Each IP address has a potentially different reputation for each direction (inbound/outbound), protocol (TCP, UDP, ICMP) and port number it has been seen on. In your case, the IP address had a High Risk email reputation (inbound TCP port 25), which did get corrected but should not have triggered an alert since that IP is not involved in any email sending behavior. Can you post some details, if you still have them, for that alert so that we can track down what happened there?
Thanks for your reply. Since this issue occurred, I have disabled the TrustedSource. When I just enable it again, everything works now, and HIP doesn't block 220.127.116.11 any more.
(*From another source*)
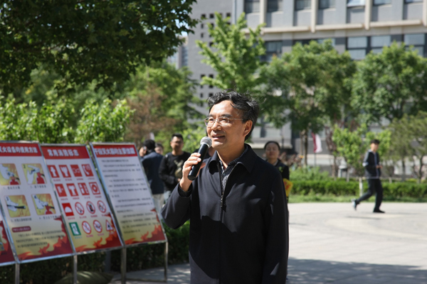 5月12日是全国第八个“防灾减灾日”,下午14:28分,学校在图书馆信息楼和钟秀广场举行防震灭火救援演练和宣传活动,校长郑文堂担任总指挥并讲话。保卫部、图书馆、学工部、基建处、后勤资管理处、后勤集团等部门领导、石景山消防支队、校园微型消防站队员和部分师生共1000余人参加了演练活动。

Therefore I can't provide any evidence now. Previously, when I visited any website, I can see in the log that HIP8.0 blocks 18.104.22.168 and then my OS use the alternative 22.214.171.124 to solve the domain names. When I ping 126.96.36.199, HIP allows it. But when I ping 188.8.131.52, HIP blocks it, and the log says TrustedSource - Get Ratings. In the command line window it says 'General Failure'. Given that things are working now, I wonder generally how long it will take for HIP to update its TrustedSource cache, and whether it is possible for users to update/clear the cache mannually.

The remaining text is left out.